Return only that part of the material below which starts with the line containing "Самую большую кунжутку" and goes on through the line containing "El Muqui es", restated exactly.

═══

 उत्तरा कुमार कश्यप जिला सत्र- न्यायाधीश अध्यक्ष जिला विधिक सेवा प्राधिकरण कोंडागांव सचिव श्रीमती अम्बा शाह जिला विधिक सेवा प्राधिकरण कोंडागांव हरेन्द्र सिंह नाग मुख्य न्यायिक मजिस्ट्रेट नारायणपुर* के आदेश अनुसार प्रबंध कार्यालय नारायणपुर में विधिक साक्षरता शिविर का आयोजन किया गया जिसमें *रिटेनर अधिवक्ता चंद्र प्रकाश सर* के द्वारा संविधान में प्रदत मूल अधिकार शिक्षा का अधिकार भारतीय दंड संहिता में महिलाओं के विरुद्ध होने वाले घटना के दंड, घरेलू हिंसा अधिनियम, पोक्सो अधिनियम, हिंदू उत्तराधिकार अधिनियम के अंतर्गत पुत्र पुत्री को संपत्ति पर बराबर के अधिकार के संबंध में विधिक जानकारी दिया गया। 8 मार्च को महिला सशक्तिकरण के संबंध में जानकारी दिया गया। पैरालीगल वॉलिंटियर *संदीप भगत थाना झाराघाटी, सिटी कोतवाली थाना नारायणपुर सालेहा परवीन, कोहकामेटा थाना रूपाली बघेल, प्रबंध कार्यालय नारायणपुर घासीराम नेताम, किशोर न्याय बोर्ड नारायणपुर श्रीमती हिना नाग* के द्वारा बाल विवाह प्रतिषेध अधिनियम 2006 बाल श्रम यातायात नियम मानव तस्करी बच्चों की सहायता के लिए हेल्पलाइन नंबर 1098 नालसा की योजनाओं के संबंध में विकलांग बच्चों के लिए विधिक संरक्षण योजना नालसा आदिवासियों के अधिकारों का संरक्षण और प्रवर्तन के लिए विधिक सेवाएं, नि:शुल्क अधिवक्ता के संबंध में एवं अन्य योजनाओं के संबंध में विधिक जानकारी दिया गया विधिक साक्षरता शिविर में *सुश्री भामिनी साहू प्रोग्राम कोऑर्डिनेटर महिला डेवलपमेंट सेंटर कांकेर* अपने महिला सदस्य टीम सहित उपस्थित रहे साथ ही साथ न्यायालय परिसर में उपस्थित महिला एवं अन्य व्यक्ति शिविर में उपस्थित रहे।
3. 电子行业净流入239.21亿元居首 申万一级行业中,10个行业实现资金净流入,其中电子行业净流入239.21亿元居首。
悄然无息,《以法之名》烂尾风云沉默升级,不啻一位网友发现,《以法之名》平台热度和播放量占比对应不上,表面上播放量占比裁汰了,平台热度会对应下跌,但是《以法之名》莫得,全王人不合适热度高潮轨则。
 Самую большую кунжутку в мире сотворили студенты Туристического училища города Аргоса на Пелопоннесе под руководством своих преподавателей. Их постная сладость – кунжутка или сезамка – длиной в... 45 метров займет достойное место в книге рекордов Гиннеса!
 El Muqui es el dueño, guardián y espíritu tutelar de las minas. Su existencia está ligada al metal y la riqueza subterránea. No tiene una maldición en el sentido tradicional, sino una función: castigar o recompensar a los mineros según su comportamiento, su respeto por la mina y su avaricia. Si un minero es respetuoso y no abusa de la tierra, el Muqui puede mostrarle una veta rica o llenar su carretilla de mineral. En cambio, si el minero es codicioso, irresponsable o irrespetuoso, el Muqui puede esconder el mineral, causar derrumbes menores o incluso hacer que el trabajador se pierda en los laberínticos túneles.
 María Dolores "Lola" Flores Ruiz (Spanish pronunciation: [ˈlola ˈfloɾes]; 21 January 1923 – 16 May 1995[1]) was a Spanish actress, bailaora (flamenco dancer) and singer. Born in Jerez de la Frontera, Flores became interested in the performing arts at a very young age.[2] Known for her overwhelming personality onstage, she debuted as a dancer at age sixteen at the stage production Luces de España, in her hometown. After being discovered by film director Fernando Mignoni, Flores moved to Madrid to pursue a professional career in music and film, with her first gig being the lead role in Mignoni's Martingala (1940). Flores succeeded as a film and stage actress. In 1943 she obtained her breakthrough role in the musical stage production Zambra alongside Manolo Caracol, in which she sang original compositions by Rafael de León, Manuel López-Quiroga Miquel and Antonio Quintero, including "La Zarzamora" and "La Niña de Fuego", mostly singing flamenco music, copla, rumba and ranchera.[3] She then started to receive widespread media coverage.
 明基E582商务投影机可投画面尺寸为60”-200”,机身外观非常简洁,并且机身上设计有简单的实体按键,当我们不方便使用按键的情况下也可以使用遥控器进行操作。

═══

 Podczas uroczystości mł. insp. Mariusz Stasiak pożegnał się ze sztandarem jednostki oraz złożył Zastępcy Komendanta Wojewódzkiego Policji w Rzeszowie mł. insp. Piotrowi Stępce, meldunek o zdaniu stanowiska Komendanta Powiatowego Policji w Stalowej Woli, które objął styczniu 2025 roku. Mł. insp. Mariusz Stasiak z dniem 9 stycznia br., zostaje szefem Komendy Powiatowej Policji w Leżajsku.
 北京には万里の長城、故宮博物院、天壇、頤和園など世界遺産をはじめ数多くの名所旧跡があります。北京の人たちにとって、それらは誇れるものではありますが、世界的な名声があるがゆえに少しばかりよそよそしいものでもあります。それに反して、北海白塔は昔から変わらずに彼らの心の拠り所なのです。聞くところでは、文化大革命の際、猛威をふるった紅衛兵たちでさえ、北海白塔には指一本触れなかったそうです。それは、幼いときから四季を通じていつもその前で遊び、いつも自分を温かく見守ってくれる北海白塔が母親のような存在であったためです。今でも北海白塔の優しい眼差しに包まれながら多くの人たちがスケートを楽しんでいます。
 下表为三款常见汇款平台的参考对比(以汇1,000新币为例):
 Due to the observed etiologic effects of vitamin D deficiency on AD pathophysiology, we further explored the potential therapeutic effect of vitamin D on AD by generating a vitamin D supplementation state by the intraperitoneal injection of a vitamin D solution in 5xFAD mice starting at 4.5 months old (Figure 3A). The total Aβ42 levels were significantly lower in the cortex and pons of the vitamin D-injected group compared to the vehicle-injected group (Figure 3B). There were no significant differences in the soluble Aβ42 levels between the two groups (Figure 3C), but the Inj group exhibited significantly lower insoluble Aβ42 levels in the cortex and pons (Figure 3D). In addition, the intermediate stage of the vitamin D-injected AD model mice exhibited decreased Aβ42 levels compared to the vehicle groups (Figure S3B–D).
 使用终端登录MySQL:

═══

**Answer space**
 Самую большую кунжутку в мире сотворили студенты Туристического училища города Аргоса на Пелопоннесе под руководством своих преподавателей. Их постная сладость – кунжутка или сезамка – длиной в... 45 метров займет достойное место в книге рекордов Гиннеса!
 El Muqui es el dueño, guardián y espíritu tutelar de las minas. Su existencia está ligada al metal y la riqueza subterránea. No tiene una maldición en el sentido tradicional, sino una función: castigar o recompensar a los mineros según su comportamiento, su respeto por la mina y su avaricia. Si un minero es respetuoso y no abusa de la tierra, el Muqui puede mostrarle una veta rica o llenar su carretilla de mineral. En cambio, si el minero es codicioso, irresponsable o irrespetuoso, el Muqui puede esconder el mineral, causar derrumbes menores o incluso hacer que el trabajador se pierda en los laberínticos túneles.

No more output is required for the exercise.